In this blog, I will be discussing the pre-court procedures with WorkCover claims when an injured worker has decided to pursue a common law claim for damages. I will explain what the pre-court procedures are, what to expect and what can be achieved.

What are the pre-court procedures?

Many years ago, the Queensland State Government introduced new legislation which meant that injured workers were no longer able to commence court proceedings without undertaking a process called the pre-court procedures. The function and purpose of the pre-court procedures was to promote the resolution or settlement of cases before any court proceedings were commenced.
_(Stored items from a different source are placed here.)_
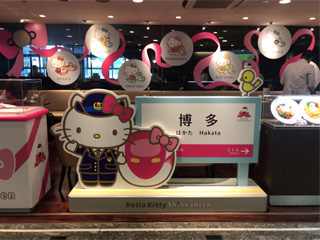 11:54に博多着。駅には「ハローキティ 新幹線 カフェ」が!たっぷりと時間があればハローキティ新幹線(各駅停車)で博多駅まで来たのにね。
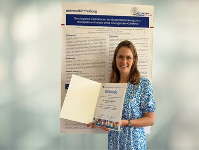 Dr. Alexandra Geffroy, Oberärztin in der Klinik für Frauenheilkunde des Universitätsklinikums Freiburg, hat auf dem diesjährigen Kongress der Deutschen Gesellschaft für Senologie Ende Juni in Stuttgart den Posterpreis für ihre Arbeit „Senologische Operationen bei Geschlechtsinkongruenz: retrospektive Analyse eines Transgender-Kollektivs“ gewonnen. Dabei geht es um die wissenschaftliche Untersuchung von Brustoperationen bei Menschen, deren Geschlechtsidentität nicht mit ihrem bei der Geburt zugewiesenen Geschlecht übereinstimmt. Der Preis ist mit 300 Euro dotiert.
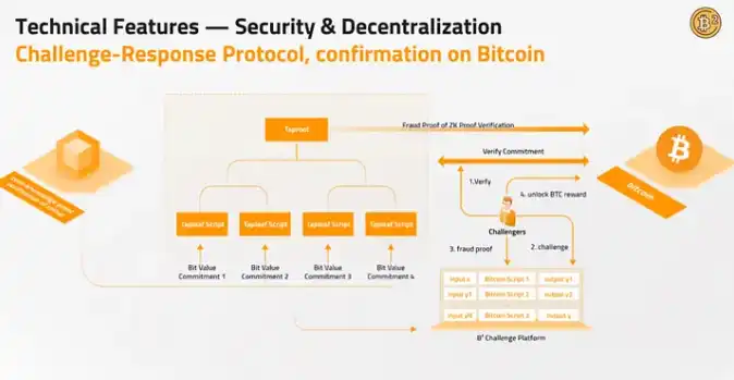 此外,B² Network 还会将 B²节点进行的零知识证明验证过程转化为比特承诺,将比特承诺写入比特币网络中,挑战者可以基于零知识证明验证的结果与比特承诺进行对比,发现作恶后通过挑战机制进行挑战解锁奖励,如下图。
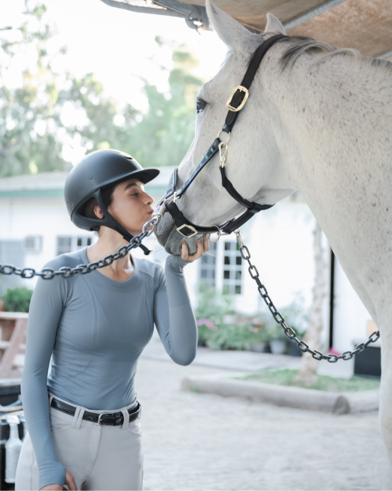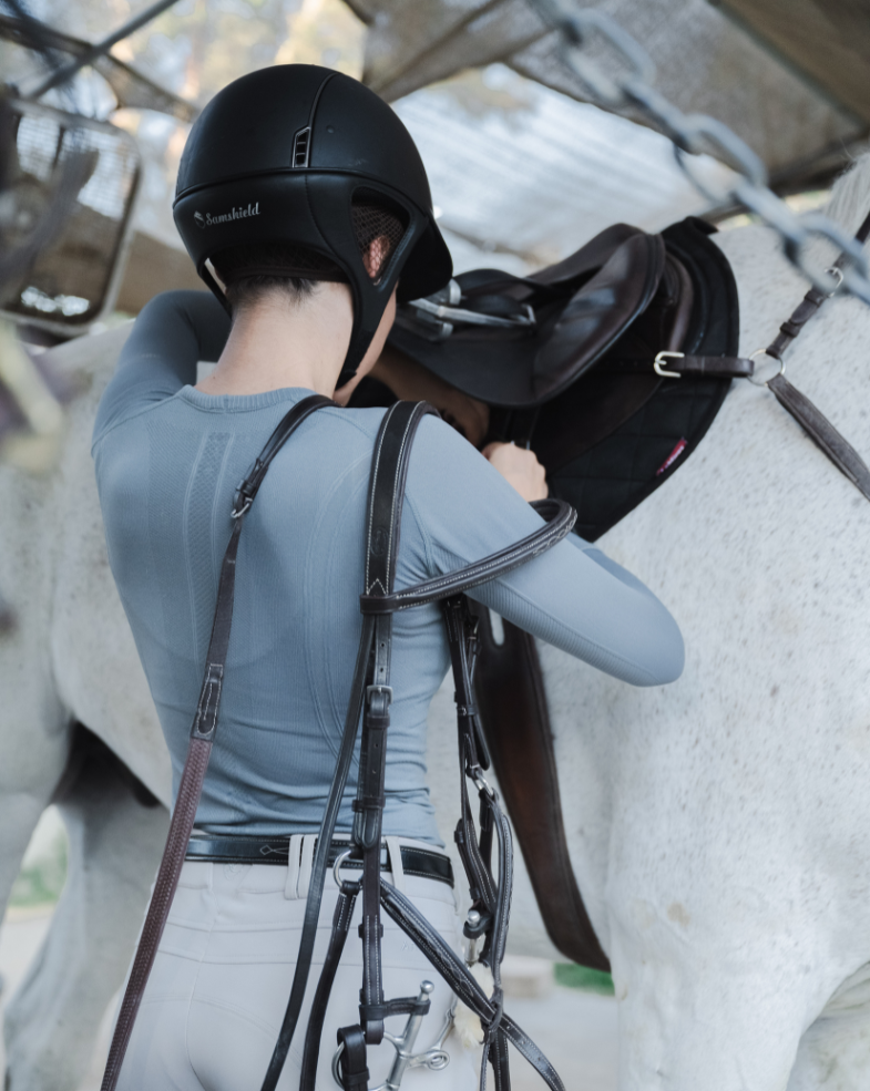 An all-time favorite, our long-sleeve training shirts come in a classic muted blue with a shade of grey.

The pre-court procedures in the Workers Compensation & Rehabilitation Act 2003, involve a series of steps or procedures to be carried out or completed before an injured person is entitled to file and serve a Claim and Statement of Claim in the court system.

Notice of Assessment

Before an injured worker can initiate or commence the pre-court procedures, the injured worker generally needs to have a statutory claim with WorkCover Queensland accepted and a Notice of Assessment issued by WorkCover. Generally speaking, without the Notice of Assessment, an injured worker is not entitled to commence their common law claim via the pre-court procedures.

Once the injured worker has received the Notice of Assessment from WorkCover and if the work-related impairment is less than a 20% whole person impairment, the injured worker must make what is known as an irrevocable election. This simply means that the injured worker must make a decision as to whether they wish to accept the offer of lump sum compensation contained in the Notice of Assessment or pursue the common law claim but they cannot do both. If the work-related impairment is equal to or more than 20% then the injured worker will have achieved a certificate injury and they can accept the lump sum offer and commence their common law claim for damages.

Notice of Claim for Damages

To start the pre-court procedures, a Notice of Claim for Damages needs to be prepared. This is an important and comprehensive document which addresses all aspects of the claim including details of how the accident occurred, details of the injured worker’s income and work history, details of any past or prior injuries, illnesses and conditions, details of the allegations of negligence against the employer and any other third party who might be involved and comprehensive details regarding the quantum (or full value of the claim). The document must also contain an offer to settle.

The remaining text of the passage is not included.